NEW YORK – Before an audience of over 850 attendees, Race Forward and partners kicked off their much-anticipated H.E.A.L. (Honest Education Action & Leadership) Together initiative. The campaign promotes equitable schools, a quality education and a multiracial democracy. It will also support local and national leaders working to strengthen education and democracy.
In addition to Race Forward, a host of activists and organizations including Emmy-award-winning storyteller Sarah Eagle Heart; Rep. Jamaal Bowman (D-NY); Kiah Morris; the National Education Association; Student Voice; Schott Foundation for Public Education; the Alliance for Quality Education; Dignity in Schools Campaign; Red, Wine and Blue; the Women’s March; Moms Rising; Parents Together Action and others attended the kickoff.
“Part of the reason our communities are still suffering is because our history has been suppressed,” said Sarah Eagle Heart, a member of the Lakota Tribe. “It has been suppressed due to the taking of our resources. But there is also resistance to look at the shame of our own history, which means that we don’t move into healing. We have to do it now in order to live.”
“Efforts to curtail progress are a direct response to organizing by grassroots groups to create a more equitable nation,” said Glenn Harris, president of Race Forward. “But let’s be clear: The resistance we see today emerged, in part, following protests over the brutal killing of George Floyd by former Minneapolis police officer Derek Chauvin. After Floyd’s murder, outraged Americans from a host of races and ethnicities engaged in protests across the country. The June 2020 actions were the largest civil rights protests in American history.”
For over a year, there has been a wave of policies restricting what teachers can and cannot say in the classroom, what books schools will and will not offer, and what employers can and cannot say at work.
“Those policies aren’t about creating environments conducive to learning but rather about limiting multiracial progress,” Harris said. “But we will not be deterred, nor will we be denied.”
Attendees took a pledge to do their part to support good schools and a quality education, which are key components in ensuring a multiracial democracy.
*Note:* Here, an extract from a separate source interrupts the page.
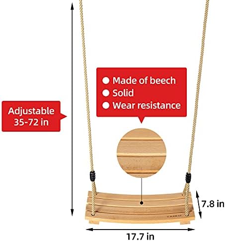 【220lbs Loading Hanging Swing】The wood swing seat with 185 cm adjustable rope metal loop, you can adjust it according to your needs. Maximum load-bearing weight: 100kg/220lbs, seat size:45x20x1.5cm / 17.7×7.8 x0.6inches, the tree swing suitable for children and adults, it is very safe for you and your family. Suitable for children over 3 years old and adults under 220 lbs/100kg. 【Indoor Outdoor Wood Tree Swing】 The wooden tree swing is made of durable beech wood and is designed for indoor & outdoor use.The natural wood provides you with a sense of security and comfort. Before playing outdoors, the paint on the surface of the wooden swing seat can protect you from mold. YAERSI ‘s swing use a unique hemp rope ,it better comfortable grab feeling and supports stronger anti-Fray. 【Unique Curve Shape Seat】Our swing seat board adopts a unique ergonomic bending design, which makes sitting on it more comfortable and children can have more fun. 【Enjoy A Whole Joyful Day With Your Family】The tree swing no hardware tools required to install this swing sets,very easy install.Comes with metal ring , provide multi-way to install (hang on the tree ,the pole or the beam.) Our tree swing seat can be enjoyed indoors for children, teenager and adults of any ages. 【Note】 Manual measurement, there is an error of 1-5cm. Children must be accompanied by an adult to play.Please do not expose the swing to the sun or in a damp environment for a long time.If you have any problem during the use, not satisfied with our products or services please contact us by email first time,we will try our best to offer you with satisfactory and friendly service.

Event facilitators shared that local and national partners will offer assistance with district data analysis, curriculum review, best practices for teachers, survey development, graphic creation and policy review. Participants then had the opportunity to pledge their support and advocacy for an honest, accurate and fully funded public education for all students across this country. Eagle Heart read the pledge.
“Schools should be a safe place where students can thrive and reach their full potential,” said Beatriz Beckford of Moms Rising. “What is most exciting about H.E.A.L. Together is that we’re joining young people who are stepping up and advocating for truth teaching and progress.”
“When we transform systems to be more equitable and fairer, the sum of us wins,” said Dennis Chin, vice president of narrative, arts, and culture at Race Forward. “This fight isn’t just about parents’ rights and individual freedom. Individual rights and freedom do not live in a vacuum – we are interconnected. We have shared responsibility with one another to ensure everyone has what they need, such as public services and public education.”
Following rousing remarks from education leaders and activists, Race Forward and partners declared that they would not allow attacks on the teaching of American history, the LGBTQIA community and books to go unchallenged.
“Part of what we’re trying to do is to create a bigger ‘we,’” said Zakiya Ansari of Alliance for Quality Education.
At the kickoff, Maria Dautruche served as master of ceremony, enthusiastically welcoming the crowd and introducing the myriad speakers. She noted that the H.E.A.L. Together effort is designed to ensure strong schools, more equitable communities and a more inclusive democracy.
“Regardless of whether you have children in school, the debate around the accurate teaching of American history and contemporary issues of gender, race and sex impacts us all,” said Becky Pringle, president of the National Education Association. “Imagine trying to explain the significance of the nomination of Judge Ketanji Brown Jackson to the United States Supreme Court without being able to talk about the history of race in America.”